Once you’re done playing around you can stop all the services and containers with:
$ docker-compose down
We hope you enjoyed this tutorial!
Running further Confluent demo applications for the Kafka Streams API¶
The container named kafka-music-application
, which runs the Kafka Music demo application, actually contains all of
Confluent’s Kafka Streams demo applications. The demo applications are
packaged in the fat jar at /usr/share/java/kafka-streams-examples/kafka-streams-examples-4.0.0-standalone.jar
inside this container.
This means you can easily run any of these applications from inside the container via a command similar to:
# Example: Launch the WordCount demo application (inside the `kafka-music-application` container)

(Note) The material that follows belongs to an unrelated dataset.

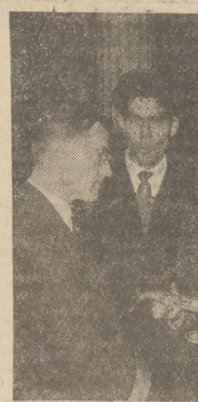
15.IV. br. w godzinach wieczornych przewodniczący Rady Państwa Aleksander Zawadzki wyjął w sali kolumnowej Rady Państwa przyjęcie na cześć delegatów na IV Krajowy Kongres Związków Zawodowych. Na zdjęciu: podczas przyjęcia. Aleksander Zawadzki w rozmowie z przedstawicielami związków zawodowych Chin i Chile przybyłymi na Kongres.

Krótko po godz. 18 przybył na salę obrad witań serdecznie przez uczestników Kongresu — K. Woroszyłow. Odpowiadał na powitanie dolegatów polskich związkowców.

$ docker-compose exec kafka-music-application \
java -cp /usr/share/java/kafka-streams-examples/kafka-streams-examples-4.0.0-standalone.jar \
io.confluent.examples.streams.WordCountLambdaExample \
kafka:29092
Of course you can also modify the tutorial’s docker-compose.yml
for repeatable deployments.
Note that you must follow the full instructions of each demo application (see its respective source code at
https://github.com/confluentinc/examples). These instructions include, for example, the creation of the application’s
input and output topics. Also, each demo application supports CLI arguments. Typically, the first CLI argument is
the bootstrap.servers
parameter and the second argument, if any, is the schema.registry.url
setting.
Available endpoints from within the containers as well as on your host machine:
Endpoint | Parameter | Value (from within containers) | Value (from your host machine) |
---|---|---|---|
Kafka Cluster | bootstrap.servers |
kafka:29092 |
localhost:9092 |
Confluent Schema Registry | schema.registry.url |
http://schema-registry:8081 |
http://localhost:8081 |
ZooKeeper ensemble | zookeeper.connect |
zookeeper:32181 |
localhost:32181 |
The ZooKeeper endpoint is not required by Kafka Streams applications, but you need it to e.g. manually create new Kafka topics or to list available Kafka topics.
Appendix¶
Inspecting the input topics of the Kafka Music application¶
Inspect the “play-events” input topic, which contains messages in Avro format:
# Use the kafka-avro-console-consumer to read the "play-events" topic
$ docker-compose exec schema-registry \
kafka-avro-console-consumer \
--bootstrap-server kafka:29092 \
--topic play-events --from-beginning
# You should see output similar to:
{"song_id":11,"duration":60000}
{"song_id":10,"duration":60000}
{"song_id":12,"duration":60000}
{"song_id":2,"duration":60000}
{"song_id":1,"duration":60000}
Inspect the “song-feed” input topic, which contains messages in Avro format:
# Use the kafka-avro-console-consumer to read the "song-feed" topic
$ docker-compose exec schema-registry \
kafka-avro-console-consumer \
--bootstrap-server kafka:29092 \
--topic song-feed --from-beginning
# You should see output similar to:
{"id":1,"album":"Fresh Fruit For Rotting Vegetables","artist":"Dead Kennedys","name":"Chemical Warfare","genre":"Punk"}
{"id":2,"album":"We Are the League","artist":"Anti-Nowhere League","name":"Animal","genre":"Punk"}
{"id":3,"album":"Live In A Dive","artist":"Subhumans","name":"All Gone Dead","genre":"Punk"}
{"id":4,"album":"PSI","artist":"Wheres The Pope?","name":"Fear Of God","genre":"Punk"}
Creating new topics¶
You can create topics manually with the kafka-topics
CLI tool, which is available on the kafka
container.
# Create a new topic named "my-new-topic", using the `kafka` container
$ docker-compose exec kafka kafka-topics \
--zookeeper zookeeper:32181 \
--create --topic my-new-topic --partitions 2 --replication-factor 1
# You should see a line similar to:
Created topic "my-new-topic".
Listing available topics¶
You can list all available topics with the kafka-topics
CLI tool, which is available on the kafka
container.
# List available topics, using the `kafka` container
$ docker-compose exec kafka kafka-topics \
--zookeeper zookeeper:32181 \
--list
Additional topic information is displayed by running --describe
instead of -list
.